So, I'm wondering what is the most efficient way in MPI to scatter a matrix to a grid of processors where each processor has a block with a specified size.
P.S. I've also looked at MPI_Type_create_darray, but it seems not letting you specify block size for each processor.
You have to go through at least one extra step in MPI to do this.

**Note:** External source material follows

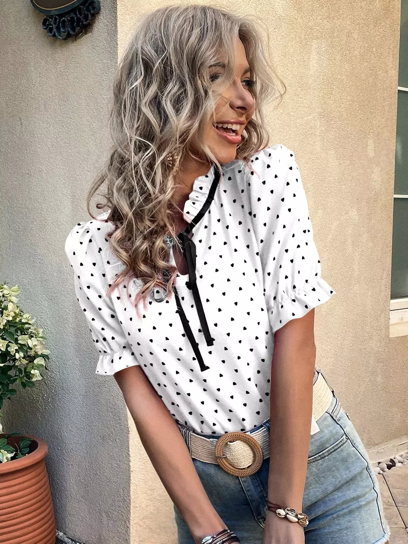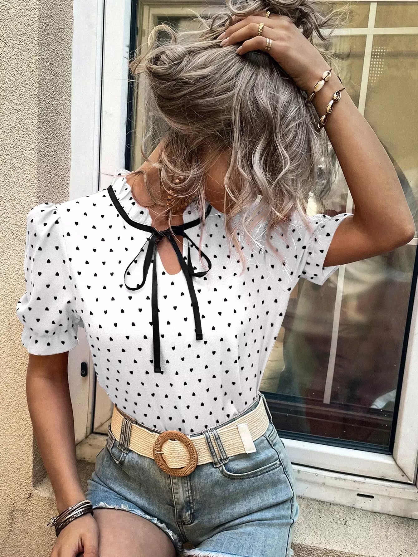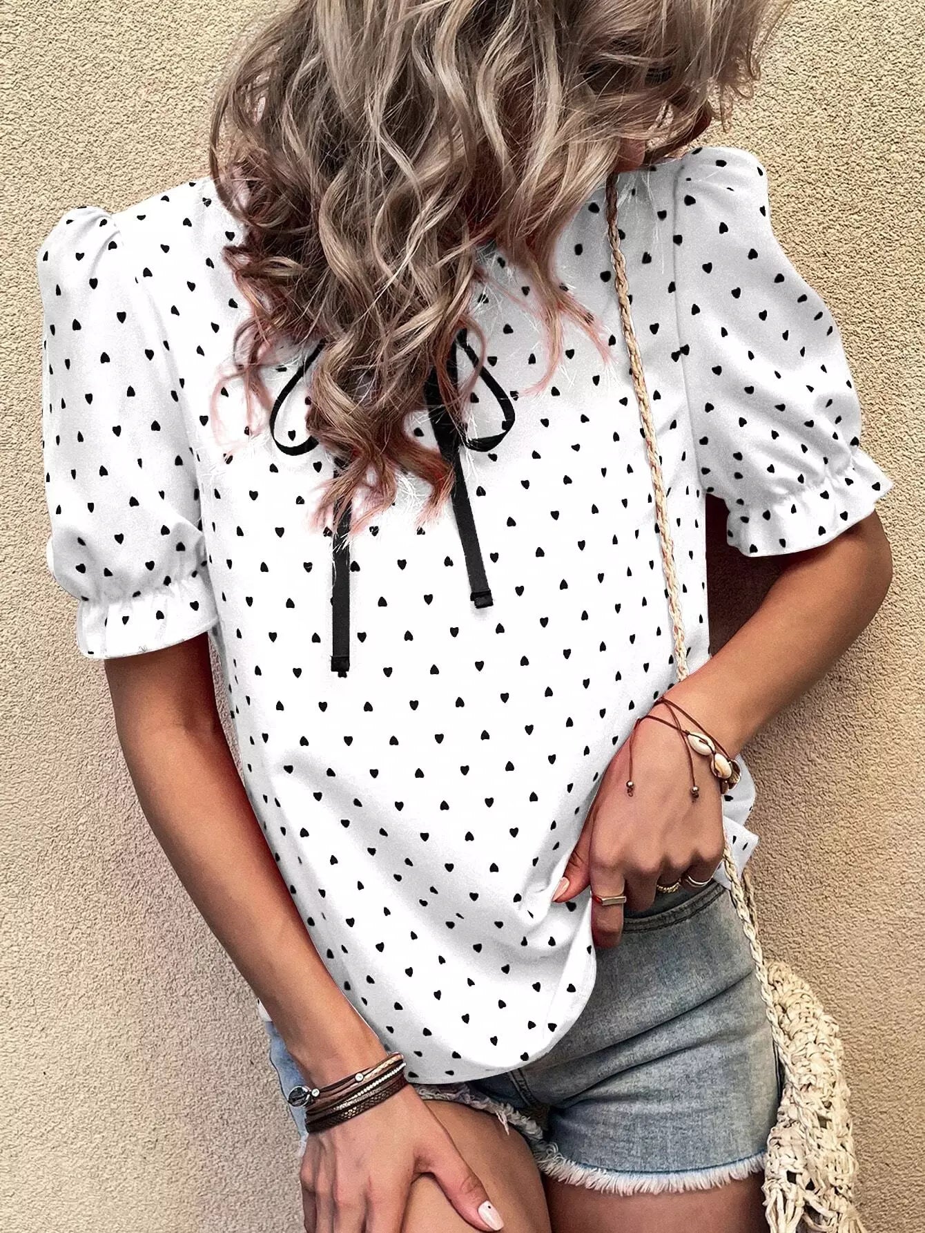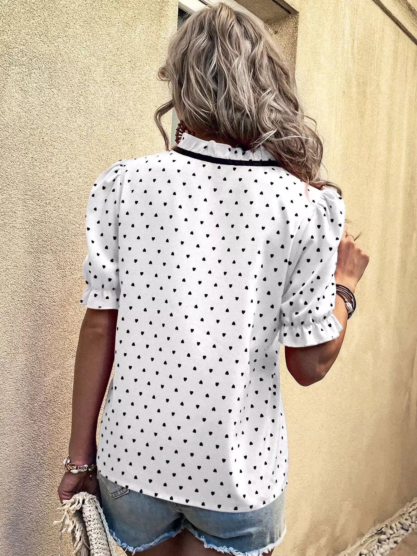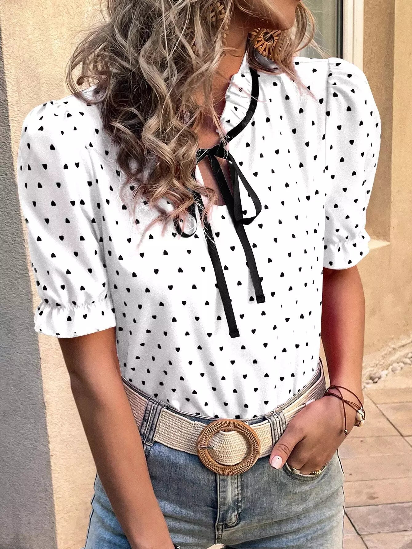 بلوزة بأكمام منفوشة على شكل قلب مطبوع عليها كشكش بربطة عنق منتفخة

The problem is that the most general of the gather/scatter routines, MPI_Scatterv and MPI_Gatherv, allow you to pass a "vector" (v) of counts/displacements, rather than just one count for Scatter and Gather, but the types are all assumed to be the same. Here, there's no way around it; the memory layouts of each block are different, and so have to be treated by a different type. If there were only one difference between the blocks – some had different numbers of columns, or some had different number of rows – then just using different counts would suffice. But with different columns and rows, counts won't do it; you really need to be able to specify different types.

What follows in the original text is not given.